With the field of psychology rapidly coming around to accept the benefits of therapy for people in LGBTQ communities combined with the higher rates of mental illness among those people, you won’t have to look far to find a job in LGBTQ counseling.

That’s because the gap between supply and demand is huge for counseling for people of the LGBTQ community right now. The Trevor Project, a crisis intervention and suicide prevention resource for LGBTQ youth, conducted a survey in 2020 that found that more than half of LGBTQ kids who sought mental health care over the prior year hadn’t received it. The disparity was even worse in minority groups, with over 60 percent of Black, Latino, and Asian Americans reporting the same problem.

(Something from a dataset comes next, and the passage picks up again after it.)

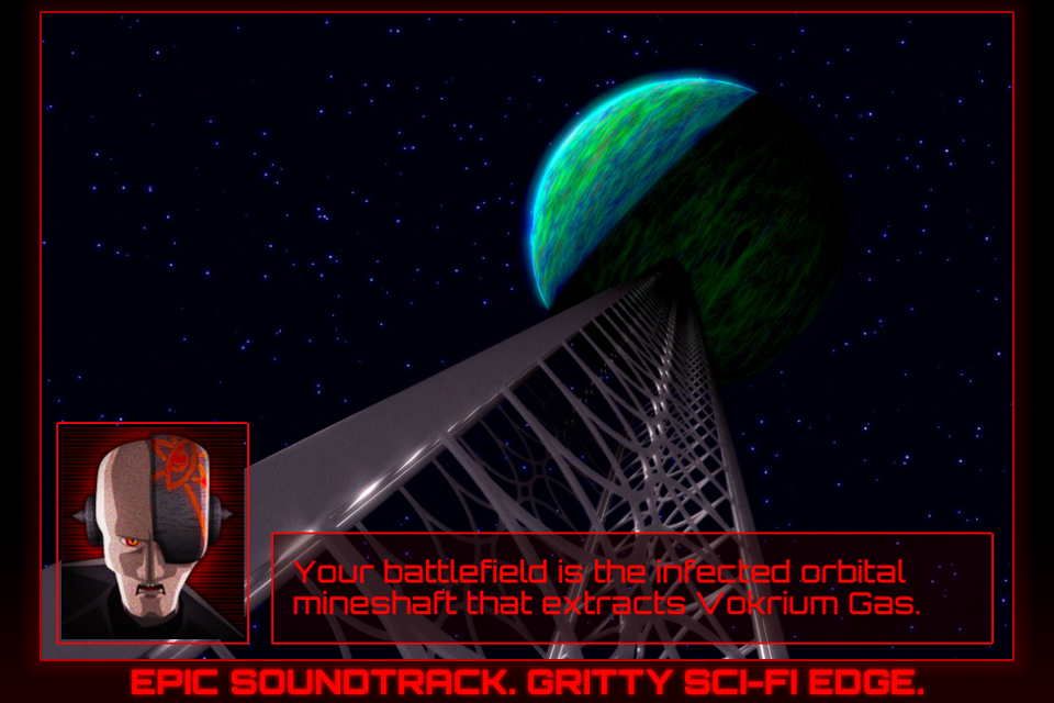 Welcome to Vokria, the fourth and most coveted moon of Stratopeia. Your battlefield is the infected orbital mine shaft that extracts Vokrium gas, the backbone of the Stratopeian transport infrastructure. Take command of your Ambi-ON eradication unit to purge the mine shaft of the swelling parasitic threat.

With your specialized training to become a psychologist for LGBTQ people, you won’t have any trouble stepping into that gap and getting those kids—and their older counterparts—the kind of mental health care they need and deserve.

Continuing Your LGBTQ Training for Psychologists

Your training as a therapist doesn’t stop once you are licensed and practicing. It’s going to be a life-long commitment to keeping up with new trends and developments in the field.

That is particularly true in LGBTQ counseling, which is still breaking ground on defining the variety and kinds of mental illnesses experienced in the community. New therapies and treatment methods follow right along.

If you want to be a competent and trustworthy LGBTQ ally in therapy, you will need to keep your training current throughout your career.

Maintaining your license will require a certain amount of continuing education each year, varying depending on your state, but usually around 20 hours. Some of those have to be dedicated to certain areas, such as ethics, but the rest are up to you. And that means you can put as much time into keeping your training in LGBTQ counseling current as you need.

The APA recognizes that it can be tough to find resources for education and research in LGBTQ areas. The association has dedicated staff time to the subject since 1987. Today, they offer a substantial online library with links and direct resources available to further the understanding of LGBTQ issues in modern psychology practice. It’s a great resource whether you are just starting your path to LGBTQ therapy or are already working in the field.

How Much Does a Gender Therapist Cost?

After you get the training you need to offer LGBTQ counseling, you’re probably wondering what you will be able to charge for your expertise.

There’s no hard data available on what therapists who specialize in LGBTQ counseling and gender therapy can make. The specializations are both too new and too narrow to have attracted much research.

But you can get a general idea of your earning potential by looking at the average psychologist salaries in your area.

Clinical psychology is the area of the field that gender therapy falls into, and it’s also one of the most lucrative types of psychology practice. The APA commissioned a study that looked at salaries in the field by specialty area and found that clinical psychologists earned an average annual salary of $107,183.

That’s right in line with projections from the Bureau of Labor Statistics, which found the median pay for psychologists coming in at $100,300 per year.

Those in the top ten percent of the profession, which is likely to include highly specialized practices like LGBTQ counseling, could earn greater than $132,070 per year.

On the client side, that typically means you’ll be billing well over $100 per hour for gender therapy. It’s not cheap, but hopefully you are well worth it! Some LGBTQ therapists also implement sliding scale rates, so patients with low incomes still have access to the life-changing affirmation and counseling that gender therapy can offer.

Of course, it’s not really the money that will draw you into LGBTQ counseling. It’s the challenge, the opportunity, and the difference you can make in the lives of people who have had no hope for so long.

Making sure that you are totally prepared for that challenge is the key point of your training. Getting the right training and taking it seriously will make all the difference in your career path to LGBTQ counseling.